Specifically, they are suppose to ensure that market participants have access to all the useful, relevant information in an appropriate, timely manner so that the market participants can independently assess any investment and make a fully informed investment decision.
Regular readers know that financial regulators failed to act as a counterbalance that ensured transparency and the result was a financial crisis. Regulators let huge swaths of the financial system become opaque including 'black box' banks and 'brown paper bag' structured finance securities.
Now, the question is how to reform the financial system and return it to is roots in the philosophy of disclosure.
To do this requires talking not to Wall Street, the City and their army of lobbyists, but rather talking to the investors and the investors only!
The former City financier warned fund managers they risked being seen as little different from investment bankers if they continued to keep quiet on how to shape the finance industry.
“At the end of the day you are guilty by association. You are members of the financial sector and the financial sector has wrought much damage. Bankers, money managers and, yes, financial regulators as well - in the eyes of the public we are all investment bankers now,” he said....Mr. Jenkins correctly identifies the guilt of the money managers.
Recall how few lawsuits money managers filed against Wall Street and the City when it was clear that the investors whose money they lost suffered a loss as a result of illegal behavior.
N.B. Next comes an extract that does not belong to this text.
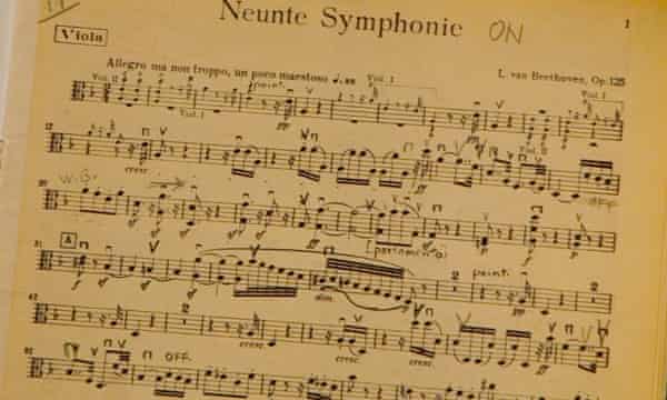 Mais ces réflexions et réfractions sur et de la Neuvième Symphonie doivent aussi englober les façons dont le morceau a été utilisé comme un ver d’oreille manipulateur par des régimes peu recommandables. L’Hymne à la joie – que Beethoven a composé comme une devise que le monde entier devait prendre à cœur, pour devenir un hymne national de l’humanité elle-même, quelque chose de bien plus important dans son impact que les hymnes des États-nations qui avaient émergé au début du XIXe siècle – a été adopté comme devise par des dictatures aussi bien que par des démocraties. Comme le dit Jan Swafford, le biographe le plus récent de Beethoven, « la façon dont on considère la Neuvième (…) dépend du type d’Elysium que l’on a en tête, si tous les gens doivent être frères ou si tous les non-frères doivent être exterminés ». (Le livre d’Esteban Buch, Beethoven’s Ninth – A Political History, en dit plus sur cet aspect particulier de l’histoire de la symphonie). Aujourd’hui, l’Ode à la joie est l’hymne de l’Union européenne et le son des célébrations de Hogmanay et du Nouvel An partout, de l’Allemagne au Japon, et c’est un rendez-vous annuel aux Proms, traditionnellement l’avant-dernière nuit de la saison, comme cette année. Certains pensent que Beethoven a tout simplement trop bien réussi à écrire un air qui pourrait vraiment être chanté par toute l’humanité, et que sa vision de la fraternité universelle (ou presque – j’y reviendrai !) est au mieux kitsch, au pire politiquement dangereuse. Le chef d’orchestre Gustav Leonhardt, parlant du finale, a dit simplement : « Cette ‘Ode à la joie’, quelle vulgarité ! Et le texte ! Complètement puéril ! »

For example, where are all the lawsuits related to Libor interest rate manipulation?
He warned that unless more investors spoke out on reform they would allow “the old financial structure” to be replaced by an even weaker system.
“Its foundation is flawed, the walls are thin and the beams are brittle. You did not design it. You are not building it. But you and your clients will have to live in it,” he said.Please re-read the highlighted text again as Mr. Jenkins is clearly saying that the UK is likely to repeat the US experience and pass the equivalent of Dodd-Frank that will systematically weaken the UK financial system.
Call this a race to being as investor unfriendly as possible. A race that the US is currently leading with Dodd-Frank.
A race that no country can afford to win as it places maximum taxpayer money at risk for little in the way of benefit to the winning country.
Mr Jenkins comments come at a time of sweeping changes to financial regulation, as the Government prepares to push through new legislation governing the way banks and other financial firms can do business.So far, the UK legislative and regulatory push is playing out just like Dodd-Frank. Yes, I know that the UK substitutes ring-fencing for the Volcker Rule, but in the absence of requiring banks to provide ultra transparency both are fundamentally flawed and neither will reduce risk in the financial system or reduce the probability of the next bank bailout.
The question is will investors remind politicians and financial regulators that they expect transparency to be brought to all the opaque corners of the financial system and that financial regulators should be held responsible for insisting on the maximum amount of disclosure (it is the investors' decision what data being disclosed they want to look at)?